Alcantara made his promotional debut at UFC 134 in August, but his victory over fellow Octagon rookie Felipe Arantes did not reveal much about his potential in a top-heavy division that could use another legitimate contender or two. His gaudy record, high finishing rate and victories over Ricardo Lamas and Francisco Drinalda provide plenty of intrigue. Alcantara needs a test from a durable veteran, and he figures to get one here.

Michihiro Omigawa will oppose the Brazilian. The 2009 Sengoku Raiden Championship featherweight grand prix finalist has not been finished since he opened his professional MMA career with consecutive knockout losses to Aaron Riley and Gesias “JZ” Cavalcante in 2005; a judo black belt under 1992 Olympic gold medalist Hidehiko Yoshida, Omigawa has never been submitted in 24 career fights. The 36-year-old will be a
handful for Alcantara.

Quicksand

Before he ran into the Canadian buzz saw that is Rory MacDonald, Mike Pyle was on quite a tear.

The 36-year-old Xtreme Couture Mixed Martial Arts product emerged in the welterweight division with wins over the previously undefeated John Hathaway and former middleweight King of Pancrase Ricardo Almeida. The latter subsequently retired from MMA competition. That momentum ended in a second-round technical knockout loss to McDonald at UFC 133. The man they call “Quicksand” has vanquished a number of well-known foes during his 12 years in the sport, most notably Jon Fitch and Dan Hornbuckle.

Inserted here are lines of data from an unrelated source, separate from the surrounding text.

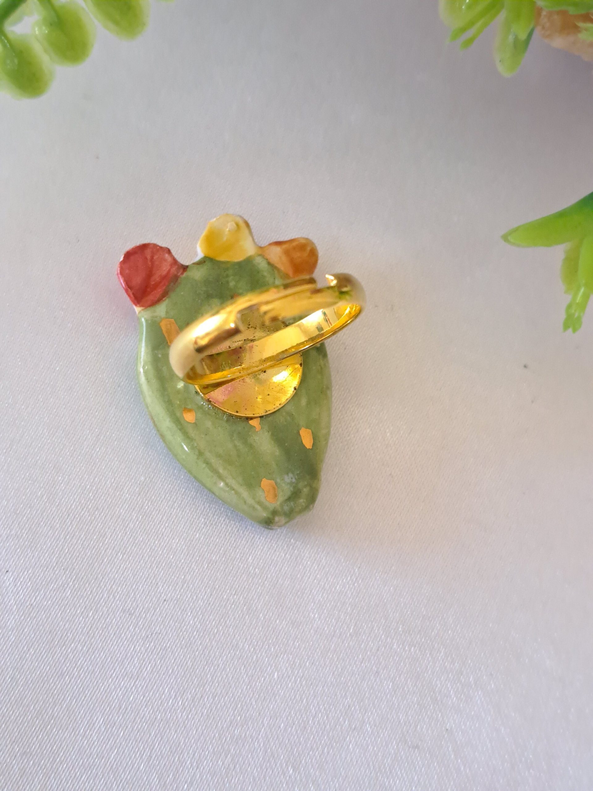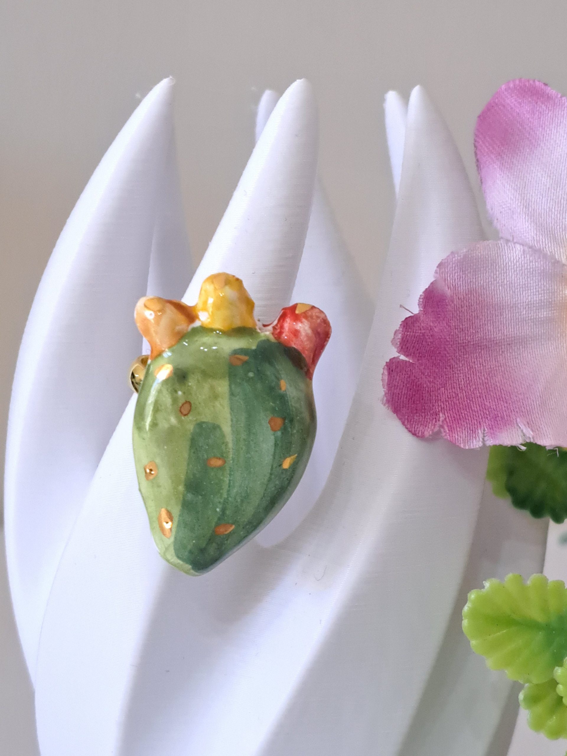 Anello in ottone con fico d’india in ceramica di Caltagirone realizzata e dipinta a mano a mano, 3 cm dimensioni.
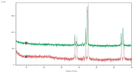 XRD spectra of (A) untreated, (B) atmospheric-air plasma-treated gelatin nanofibers.
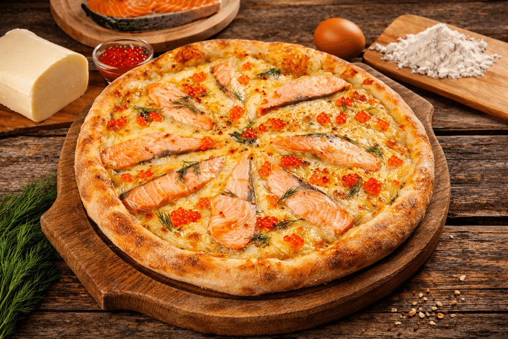 Пицца Царская с лососем и икрой
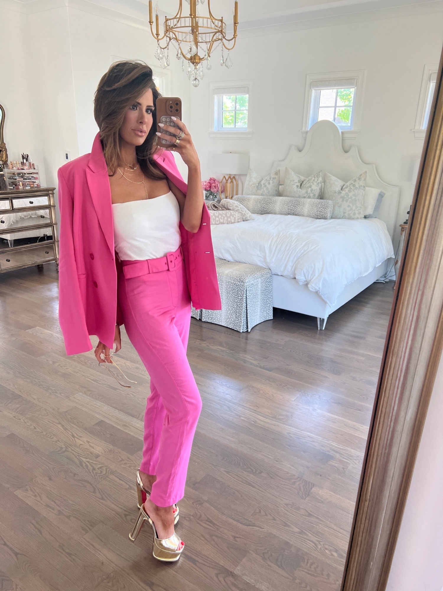 BLAZER: Bardot  [wearing a small] | PANTS: Bardot | SHOES: Christian Louboutin | STACKED RING: Spinelli [similar option HERE, HERE & HERE] | RINGS: Cartier [similar options HERE & HERE] |NECKLACE: Express
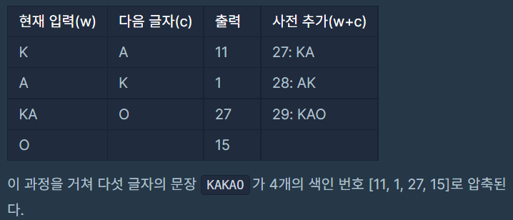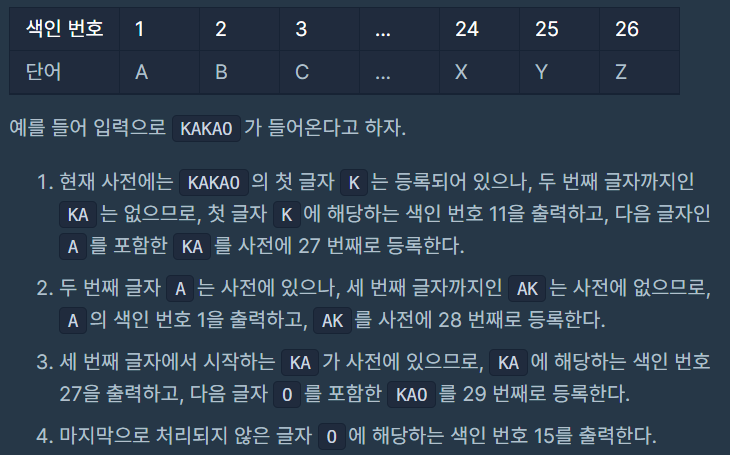 -> 사전에 가장 긴 문자열 길이 : 3 - 현재 입력될 위치부터 사전에 가장 긴 문자열 길이만큼 문자열이 사전에 있는지 확인합니다.
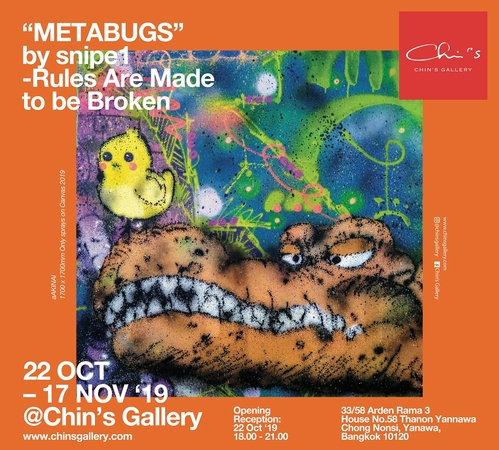 Renowned Japanese artist Snipe1 brings his graffiti art to Thailand for the exhibition “METABUGS – Rules are meant to be broken” opening at Chin’s Gallery in downtown Bangkok on October 22.
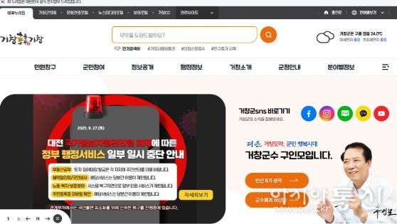 현재 행정전자서명, 전자문서유통 등 필수 행정서비스는 재개됐으나, 국민신문고, 모바일 신분증 등 일부 서비스는 여전히 전국적으로 접속이 중단된 상태다. 이에 따라 거창군은 같은 날 구인모 군수 주재로 대책 회의를 열고, 누리집 알림창을 통해 서비스 제한 목록과 대처 방안을 실시간 안내하는 등 불편 최소화를 위해 적극 대응하고 있다.
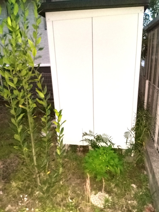 室外機や汚水桝などの周りにも丁寧にレンガチップを敷いて、雑草対策完ぺきです。
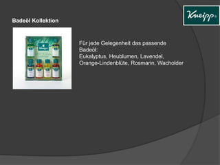 Die Kneipp® Badeölkollektion bietet verschiedene Badeöle für jede Gelegenheit, darunter Eukalyptus und Lavendel, um tiefenentspannende Erlebnisse zu ermöglichen. Zusätzlich enthält das Set spezielle Badeperlen zur Entspannung und Ruhe. Bei Fragen oder Anregungen können Kunden Kneipp Schweiz GmbH kontaktieren.

Pyle got what some viewed as a break when his original opponent, the tough and cagy Paulo Thiago, withdrew from the event with an injury. In his place stepped Ricardo Funch. The 31-year-old Brazilian came up short in his first tour in the UFC, as he dropped a unanimous decision to Johny Hendricks and submitted to a guillotine choke from Claude Patrick. A Brazilian jiu-jitsu black belt under Marco Alvan, Funch righted himself with a unanimous verdict over Bellator Fighting Championships veteran Ryan Quinn last month. Now, opportunity knocks for a second time.

Carvalho’s Arrival

Antonio Carvalho carved out a nice career in Japan, with wins over the world-ranked Hatsu Hioki, Shooto icon Rumina Sato and former Shooto lightweight champion Takeshi Inoue.

After nearly a decade of toiling on the regional and Japanese MMA circuits, Carvalho finally gets his crack at UFC acclaim. A black belt in Brazilian jiu-jitsu and Shotokan karate, the 32-year-old Canadian featherweight will put his three-fight winning streak on the line when he battles Arantes, a dangerous muay Thai practitioner eager to pick up his first UFC victory and secure his spot within the promotion. Carvalho last fought in June, when he defeated UFC veteran Douglas Evans under the Score Fighting Series banner. It was his first appearance in nearly a year.